Repeated measures ANOVAs were used as the main tool for statistical analyses. To assess the presence of adaptation for each target, we compared PRE (last six baseline trials), EARLY adaptation (six first adaption trials), LATE adaptation (last six adaptation trials), and POST phases (last six trials of post session). Newman–Keuls corrections were used for post hoc t tests to correct for multiple comparisons. A conventional 0.05 significance threshold was used for all analyses.
Results
General overview
Figure 3 plots all reaching trials performed by each group during baseline, early exposure, late exposure, and return to baseline (post session). As can be seen reaching performance was substantially altered when the rotation was first introduced (see red and green targets during early exposure). However, over the course of training, the detrimental effect of the rotation was strongly reduced (see red and green targets during late exposure). Subsequently when the rotation was removed (post session), after-effects were observed in the opposite direction. In the next sections, we analyze in more details these qualitative observations.
In Figure 4 we present the timeline of directional error over the whole experiment, for each target separately. As can be seen, for Targets 2–4, directional error increased substantially at the initiation of the adaptation phase. However directional error decreased throughout practice, up to a point where it was indistinguishable from the baseline phase. In the postadaptation phase, robust after-effects were observed in the opposite direction, suggestive of implicit visuomotor adaptation. In contrast, no similar trend was observed for Target 1, for which visual feedback was not perturbed.
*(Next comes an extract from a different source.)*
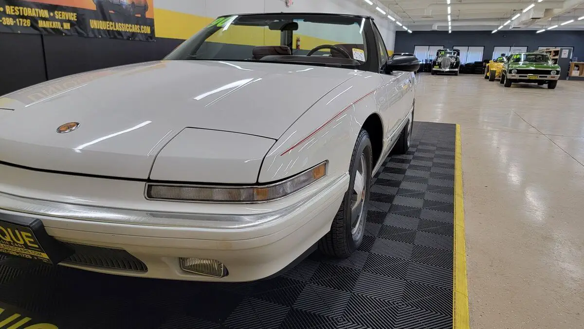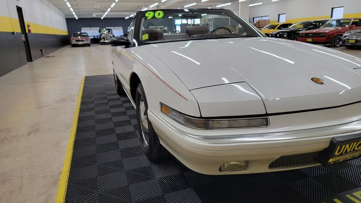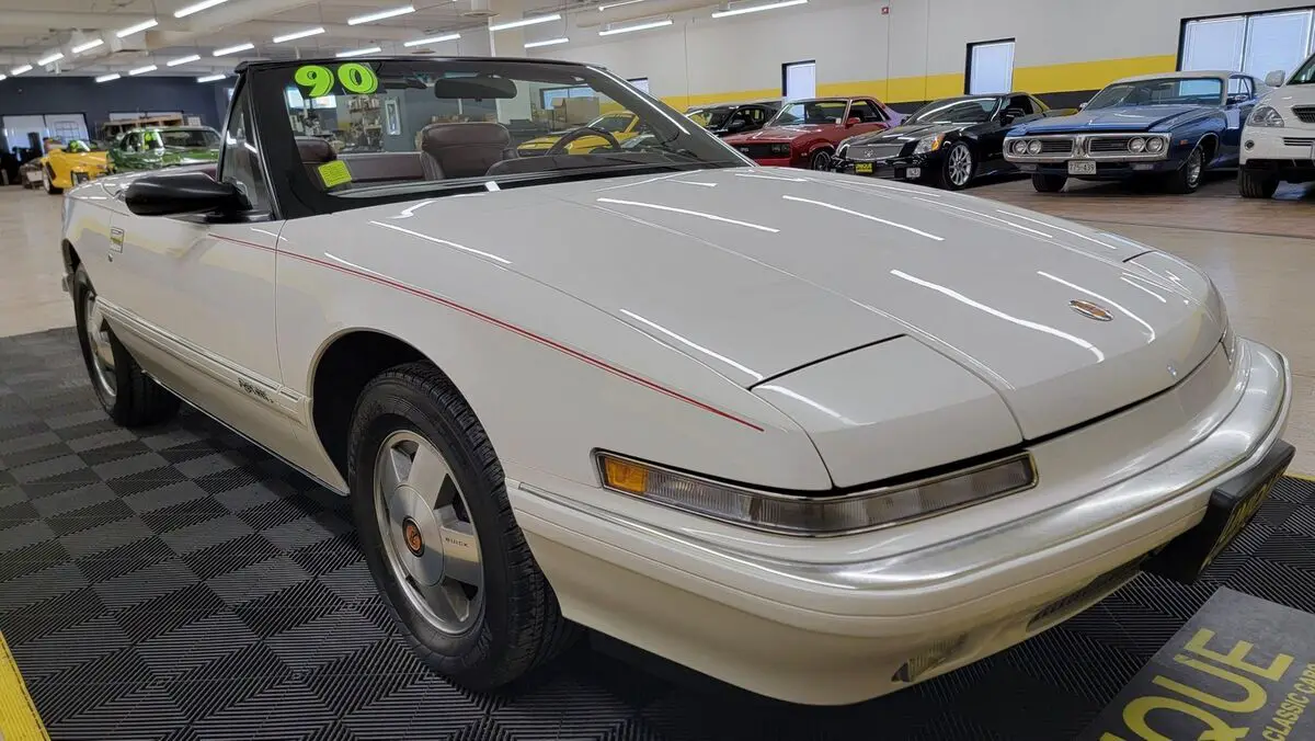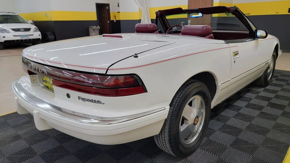 1990 Buick Reatta Convertible in White paint with red pinstripe. This one has a clean carfax, no accidents indicated and 32,881 actual miles! 3800cc V6 (3.8L) under the hood that is paired up with an auto with overdrive transmission. Equipped with power steering, dual power seats, power mirrors, power windows, power locks, power brakes, and a/c. A/C has been converted to R134a but will need some attention. Flip up headlights recently got new motors and are working. Riding on Reatta wheels with Firestone radials. Burgundy leather bucket seat interior with center console. Manual convertible top fits as it should. Brakes are 60% in the front and 90% in the rear. Radio works!

Below we examine, separately for each target, adaptation and after-effects in more detail.
Target 1 (no rotation)
We propose first to examine reaching movements performed toward Target 1, for which visual feedback was not altered during the adaptation phase, and thus did not require any corrective actions. One-way ANOVA of directional error revealed no main effect of PHASE (BASE = 2.8°, EARLY = 1.3°, LATE = 0°, POST = 0.7°; F(3,72) = 2.22; p = 0.09). This analysis is consistent with the view that participants did not adapt hand movements when reaching Target 1, and that there was virtually no detrimental effect from adjacent targets that were rotated.
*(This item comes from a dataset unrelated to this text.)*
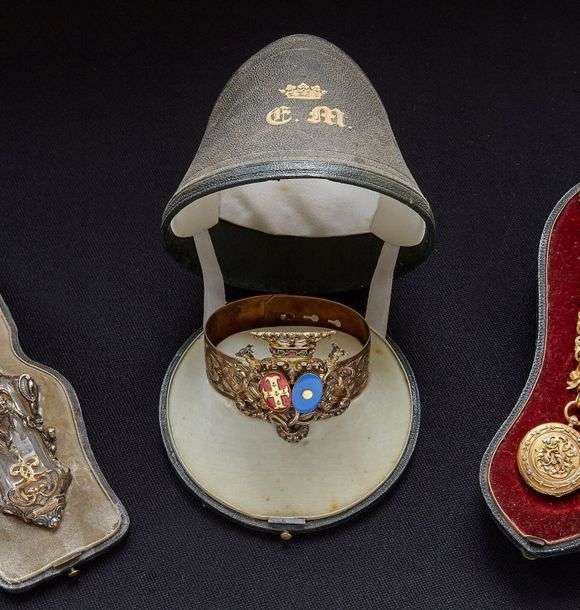 en or jaune 18k ciselé et émaillé et appliqué en son centre d'un motif représentant les armes de la famille

Targets 2 and 4 (+5° rotation)
Both Targets 2 and four were associated with a +5° rotation during the adaptation phase, thereby requiring corrective actions to maintain reach accuracy. Regarding Target 2, one-way ANOVA revealed a main effect of PHASE (BASE = 1.0°, EARLY = 3.7°, LATE = 0.6°, POST = −2.6°; F(3,72) = 8.49; p < 0.001). Post hoc analyses revealed that all phases were different from each other (p < 0.05) except BASE and LATE (p = 0.72). Very similar results were obtained for Target 4. Indeed the ANOVA also revealed a main effect of PHASE (BASE = 1.0°, EARLY = 3.8°, LATE = 0°, POST = −3.8°; F(3,72) = 18.81; p < 0.001), with post hoc analyses indicating that all phases were different from each other (p < 0.01) except BASE and LATE (p = 0.31). Overall, despite the small magnitude of the visual perturbation, these analyses provide evidence of adaptive mechanisms aiming to reduce the early increase in directional error. The fact that we observed after-effects in the opposite direction is consistent with the view that implicit visuomotor adaptation was at play in that reduction of directional error. The fact that directional error at the end of the adaptation phase was similar to that during baseline suggests that compensation of the +5° rotation was complete. To ensure the presence of adaptation, we also compared hand heading angle during BASE and LATE. For Target 2, the ANOVA revealed a shift of −5.4° in heading angle consistent with the +5° rotation (F(1,24) = 12.68, p < 0.01). A similar shift (−6.0°) was observed for Target 4 (F(1,24) = 40.61, p < 0.001).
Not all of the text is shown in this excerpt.